Table 1 shows the performance evaluation based on the average power of the three design approaches. Although the wind powered design has the advantage of non-contact, experiments showed it to have low efficiency in terms of energy transfer because a windshield for collecting wind power is not the ideal design. Moreover, when the electric fan is on, it takes some time to reach the desired rotating speed and produce enough power. It will encounter the opposite situation when the fan is turned off. This will also influence the oscillation frequency so that the resonance characteristics cannot be exhibited clearly.

Table 1. Performance evaluation for average power.

Design Approach	Voltage	Average Current	Average Power
1.   The wind powered resonant cradle design	12 V	1.63 A	19.56 W
2.   The motor and blades resonant cradle design	9 V	Static: 0.115 A Dynamic: 0.129 A	Static: 1.035 W Dynamic: 1.161 W
3.   The commercial design example	7 V	0.044 A	0.308 W

Table 1. Performance evaluation for average power.

Design Approach	Voltage	Average Current	Average Power
1.   The wind powered resonant cradle design	12 V	1.63 A	19.56 W
2.   The motor and blades resonant cradle design	9 V	Static: 0.115 A Dynamic: 0.129 A	Static: 1.035 W Dynamic: 1.161 W
3.   The commercial design example	7 V	0.044 A	0.308 W

The average current and power measurement in the second resonant cradle design is divided into static and dynamic. In the static measurement, the power is on, but the swing angle is set to zero, so no motor operation occurs. The operating current of CNY 70 is only 1 mA, so at this moment, the power consumption is mainly for the Arduino UNO. In contrast, there is no micro-controller inside the commercial design example, so the power consumption is entirely for the motor operation. In the dynamic measurement of the second resonant cradle design, the motor is driven to sustain a fixed swing angle. According to experiments, to sustain a 15° swinging over 30 s only four motor stimulations are needed out of about 19 swing periods.

Figure 5 shows the Agilent DSO-X 2002A oscilloscope traces adopted to show the driving current waveform.

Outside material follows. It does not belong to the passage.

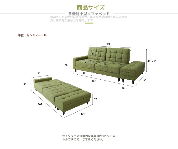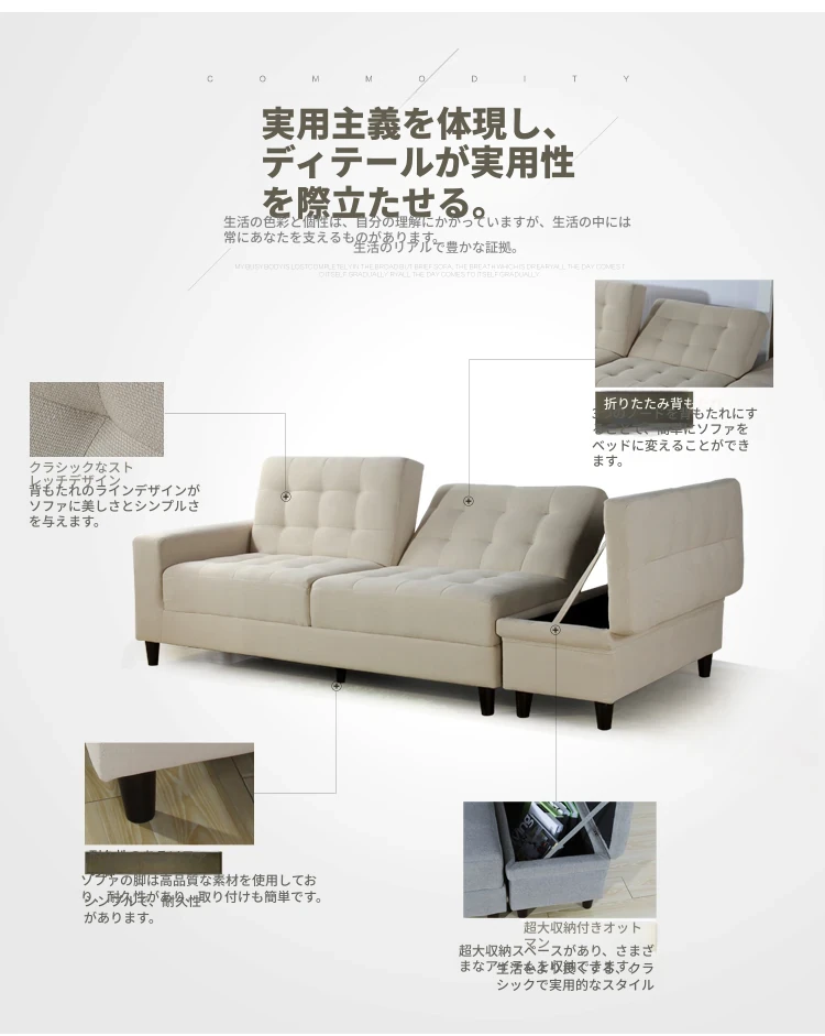 香港直送!小型スペースに最適な収納ソファ。ラテックステクノロジー布製で、折りたたみ可能な2WAYソファベッド。おしゃれで機能的なリビングにぴったり!

In the commercial design example 1000 data points were recorded within 10 s (Figure 5a), indicating that the motor keeps rotating back and forth continually in this configuration. Figure 5b shows two motor stimulations with larger current pulses over 10 s for the second resonant cradle design. It seems reasonable to suggest that the average power consumption for the motor in the second resonant cradle design is the difference between the dynamic and static power measurement, that is, 1.161 W − 1.035 W = 0.126 W. If the motor efficiency problem [19,20] is omitted, it demonstrates that the second resonant cradle consumes less motor running power than the commercial design example. It is noted that the type number of the motor adopted in the second resonant cradle design is HN-35GBD-1634T, but the type number of the motor is unclear in the commercial design example.

Figure 5. The waveforms of driving current: (a) the commercial design example; (b) the second resonant cradle design.

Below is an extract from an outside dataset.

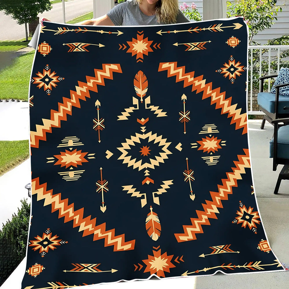 This blanket features a bold Native America design with striking arrows, feathers, and geometric star...

Figure 5. The waveforms of driving current: (a) the commercial design example; (b) the second resonant cradle design.

The noise generated by the cradle is also another important factor in cradle design. In the commercial design example, the motor is on the top so its continuous operation combined with the bearing results in an annoying noise. However, in the proposed resonant cradle, there is almost no noise during free oscillation. When the wooden hammer strikes the blade in the second resonant cradle, it will cause an acceptable level of noise and the problem can be further improved by attaching a soft pad to the small wooden hammer. Figure 6 shows the waveforms of operating sound in the commercial design example and the second resonant cradle design. In Figure 6b, the sound pulse at about 1.75 s when the small wooden hammer strikes the blade.

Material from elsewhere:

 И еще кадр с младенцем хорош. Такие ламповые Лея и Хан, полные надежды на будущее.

Figure 6. The waveforms of operation sound: (a) the commercial design example; (b) the second resonant cradle design.

Figure 6. The waveforms of operation sound: (a) the commercial design example; (b) the second resonant cradle design.

Based on the above discussion, Table 2 summarizes and compares all the features of the commercial design example and the proposed second resonant cradle design. It shows the proposed second resonant cradle has several advantages over the commercial design.

Table 2. Feature comparison between the commercial design example and the proposed resonant cradle design.

	The Commercial Design Example	The Proposed Resonant Cradle
Damping system	Overdampled	Underdamped
Manually driven	Hard	Easy
Operation of motor	Rotates continually	Rotates only at critical time and consumes lower power
Cradle noise	Annoying	Low

Table 2. Feature comparison between the commercial design example and the proposed resonant cradle design.

	The Commercial Design Example	The Proposed Resonant Cradle
Damping system	Overdampled	Underdamped
Manually driven	Hard	Easy
Operation of motor	Rotates continually	Rotates only at critical time and consumes lower power
Cradle noise	Annoying	Low

3. Infant Cries Recognition

To provide infant cries recognition in an electric cradle, the first problem is to design the audio data acquisition circuit. In this section, infant cries acquisition is first described, followed by the proposed method to recognize the infant cries.

3.1. Infant Cries Acquisition

The two stages of signal path from the microphone pickup to the analog input of Arduino UNO are shown in Figure 7 [21]. The signal from the microphone will go through an amplifier with a gain of 20, followed by an anti-aliasing low-pass filter using OPA134 with a cut-off frequency at 2 kHz. The technique of single-supply op-amp circuit, which is suitable for portable electronic equipment instead of a split-supply system, is applied [22] but there are also alternatives to implement the pre-amplifier and anti-aliasing circuit such as ISD1900, a multi message record/playback device [23].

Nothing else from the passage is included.